Provided entries

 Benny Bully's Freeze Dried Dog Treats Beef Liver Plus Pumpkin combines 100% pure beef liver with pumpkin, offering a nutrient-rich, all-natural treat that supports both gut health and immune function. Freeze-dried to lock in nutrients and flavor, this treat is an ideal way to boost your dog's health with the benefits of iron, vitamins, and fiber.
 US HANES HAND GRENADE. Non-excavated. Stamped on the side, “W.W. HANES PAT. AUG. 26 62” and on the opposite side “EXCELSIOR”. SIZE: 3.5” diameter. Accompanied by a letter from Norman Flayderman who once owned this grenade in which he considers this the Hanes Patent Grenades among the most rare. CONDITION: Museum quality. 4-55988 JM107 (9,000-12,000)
...
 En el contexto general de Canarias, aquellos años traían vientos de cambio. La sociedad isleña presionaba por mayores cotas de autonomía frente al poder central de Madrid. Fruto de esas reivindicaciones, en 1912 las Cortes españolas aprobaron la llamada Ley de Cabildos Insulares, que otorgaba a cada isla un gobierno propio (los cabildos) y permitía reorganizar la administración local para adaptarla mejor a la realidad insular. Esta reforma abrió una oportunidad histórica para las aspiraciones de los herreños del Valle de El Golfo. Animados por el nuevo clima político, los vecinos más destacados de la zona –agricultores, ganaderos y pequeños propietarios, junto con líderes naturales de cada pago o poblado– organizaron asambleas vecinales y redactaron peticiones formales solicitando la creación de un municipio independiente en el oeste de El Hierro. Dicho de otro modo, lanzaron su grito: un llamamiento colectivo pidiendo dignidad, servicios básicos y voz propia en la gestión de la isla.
---
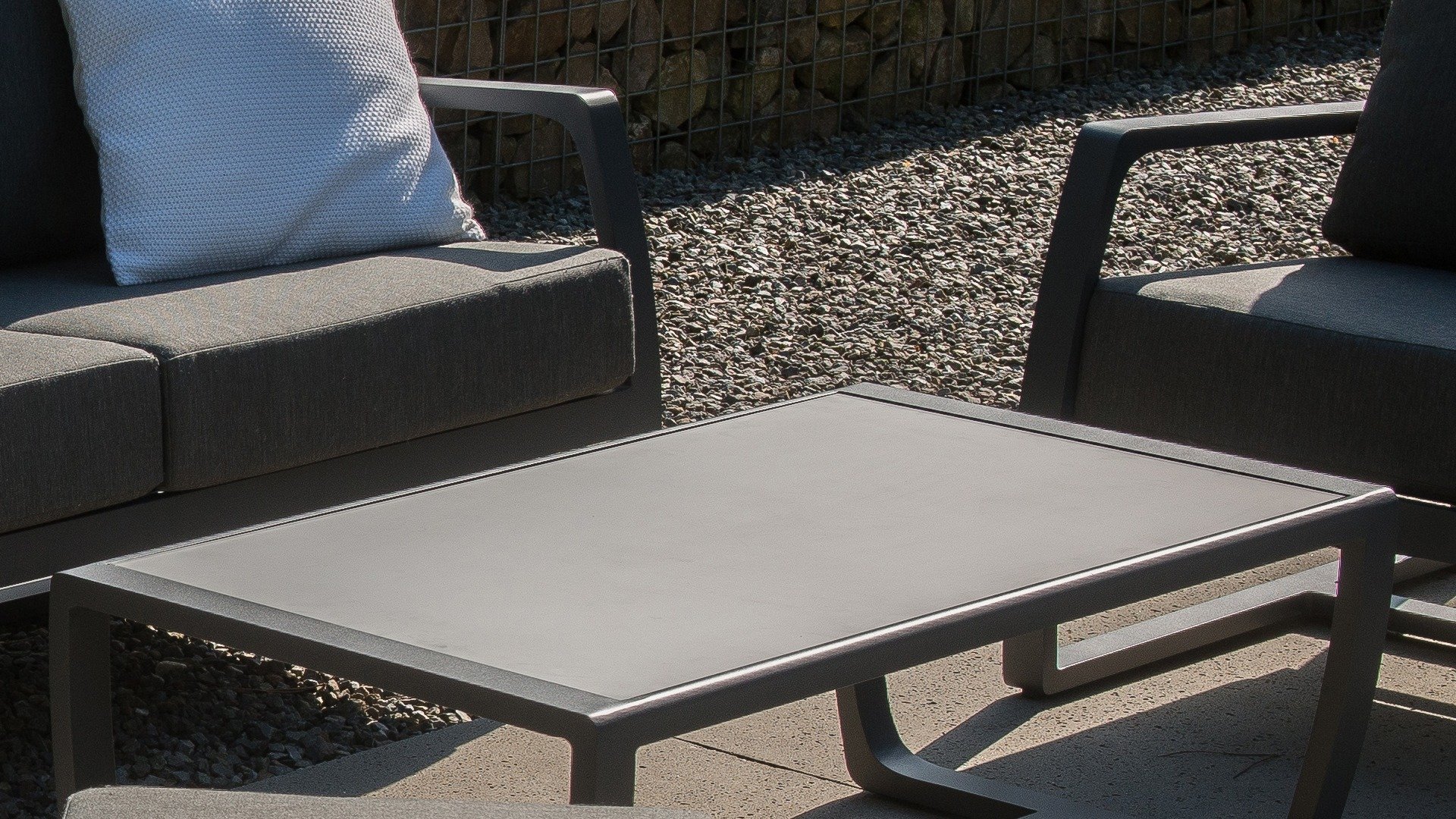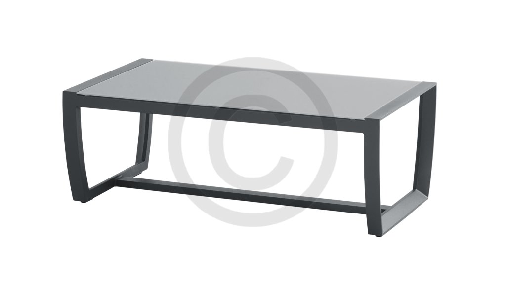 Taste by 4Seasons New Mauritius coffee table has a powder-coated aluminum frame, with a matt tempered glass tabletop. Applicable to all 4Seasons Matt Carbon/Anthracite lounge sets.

Aim of the exercise
Reproduce, exactly as they stand in the data above, the lines from the one that holds "Benny Bully's Freeze" to the one that holds "US HANES HAND", inclusive.

Task answer
 Benny Bully's Freeze Dried Dog Treats Beef Liver Plus Pumpkin combines 100% pure beef liver with pumpkin, offering a nutrient-rich, all-natural treat that supports both gut health and immune function. Freeze-dried to lock in nutrients and flavor, this treat is an ideal way to boost your dog's health with the benefits of iron, vitamins, and fiber.
 US HANES HAND GRENADE. Non-excavated. Stamped on the side, “W.W. HANES PAT. AUG. 26 62” and on the opposite side “EXCELSIOR”. SIZE: 3.5” diameter. Accompanied by a letter from Norman Flayderman who once owned this grenade in which he considers this the Hanes Patent Grenades among the most rare. CONDITION: Museum quality. 4-55988 JM107 (9,000-12,000)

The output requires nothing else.